Cable television companies interested in winning either of Prince George's County's two lucrative cable franchises will be required to provide systems with a minimum of 40 channels, including some with two-way capability that will allow subscribers to communicate through their television sets with stores, banks, pollsters or others interested in reaching into county homes.
These minimum requirements, as well as financial disclosure forms and "character qualifications" lists that force cable companies and their owners to reveal any illegal activities committed in the past, are included in a draft report prepared by the county's cable franchises.
So far, according to commission executive director Dolores Early, 46 companies or individuals have expressed an interest in one or both of Prince George's two 15-year franchises.
The two franchises divide the county into north and south areas with approximately 100,000 households in each. The franchises are among the largest up for grabs in the nation and are expected to bring in an estimated $15 million annually when fully built.
The county is requiring that the entire system be in operation within five years of the franchise awards, which are expected to be made as early as this spring by the County Council.
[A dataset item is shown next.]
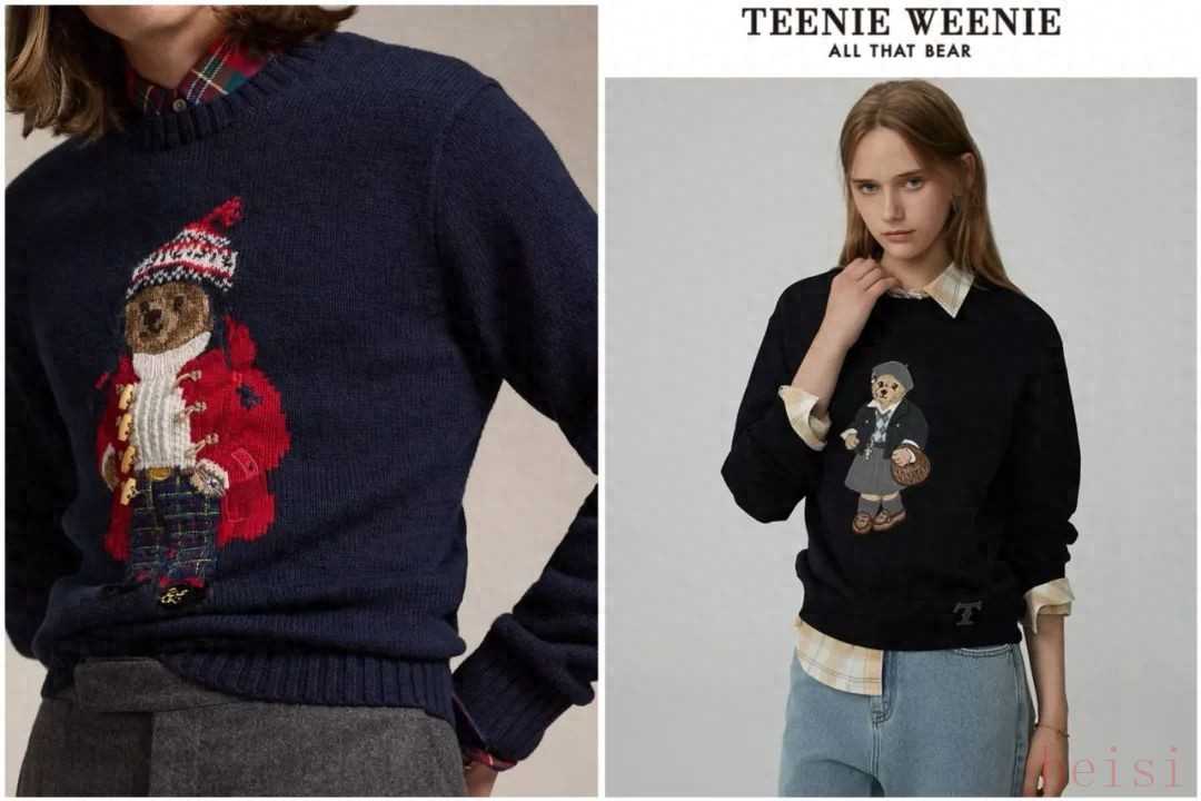 今年,“老錢風”“學院風”再度回春。其中就有代表品牌Ralph Lauren、MIUMIU。根據(jù)Ralph Lauren最新公布的業(yè)績顯示,在奢侈品行業(yè)面臨增長壓力的今年,其第二季度收入增長6%,其中亞洲市場增長超10%。品牌暢銷的爆品仍是Polo衫和針織衫,這兩年中國服裝市場刮起“老錢風”穿搭熱潮,作為該風格代表品牌的Ralph Lauren成了直接受益者?!懂敶髽I(yè)》觀察到,在部分代購群里,Ralph Lauren是熱門品牌,有群代購今年上半年多次前往韓國奧萊采購Ralph Lauren的商品,尤其是經(jīng)典麻花式樣的多色針織衫更成為群里接龍的爆品。同樣的還有MIUMIU。作為“千金風”“學院風”的代表,從一只保齡球包,再到假兩件的“知識分子”開衫,MIUMIU成為了服裝行業(yè)的“經(jīng)典樣板”,在今年持續(xù)爆發(fā)。但動輒四位數(shù)甚至五位數(shù)的價格還是讓消費者縮了手,在奢侈品面前,“平替”的出現(xiàn)解決了一大部分消費者的需要。30多歲的杭州女士安娜在今冬一下入手了兩件Teenie Weenie的服裝,她無意中發(fā)現(xiàn)Teenie Weenie的棒球夾克成了孩子幼兒園老師的統(tǒng)一“制服”,風格上乖巧減齡亦不失潮流感,這讓她對這個兒時印象中的老品牌產(chǎn)生了好奇。她發(fā)現(xiàn),Teenie Weenie服飾的風格依然保持著一貫的“學院派”,但經(jīng)典的牛角扣大衣和小熊衛(wèi)衣已經(jīng)不是其主打品類,取而代之的是小熊絞花針織衫、通勤針織衫。從外觀上,它與Ralph Lauren相類似,但售價卻是后者的近十分之一,因此被諸多消費者稱為Ralph Lauren的“平替”。小紅書上,總有博主將這兩家品牌拿來比較,得到的總結(jié)是“實在太像了”。其中之一就是經(jīng)典的“小熊”IP,兩大品牌都有穿著英倫學院風制服的小熊LOGO,無論配色還是版型,風格的相似度極高,但價格方面卻相差甚遠?!懂敶髽I(yè)》觀察各大平臺發(fā)現(xiàn),Teenie Weenie印有小熊圖案的毛衣、針織衫平均價格約在300元~600元,不算過高的價格,正能滿足向往大牌的大眾消費者心理。

That decision is expected to be a particularly complicated affair both because of the complexity of the quickly changing cable industry and because of the extent to which cable companies and their local agents have become embroiled in local politics. In Prince George's, for instance, a former county executive, several state legislators and close friends of the current county executive are among those who have interests in or represent cable companies.
In an attempt to curtail political influences on the final selection process, the County Council last month at the request of County Executive Lawrence Hogan adopted a resolution prohibiting unofficial communication between county officials and cable companies. The resolution also indicated at the final franchise awards would be based on merit and without consideration of the individuals representing the various companies.
The draft report sent out to various groups throughout the country for comment this week includes items that are not requirements but that the county would like to see included in its cable services. Among the items mentioned are hookups for home security systems, sports channels, news, weather and stock teletypes and neighborhood channels.
"We've set out only the absolute minimum [in terms of requirements]," Early said yesterday. "We expect to receive proposals with much more than that" but will let the intensely competitive cable franchise marketplace determine what appears in each application.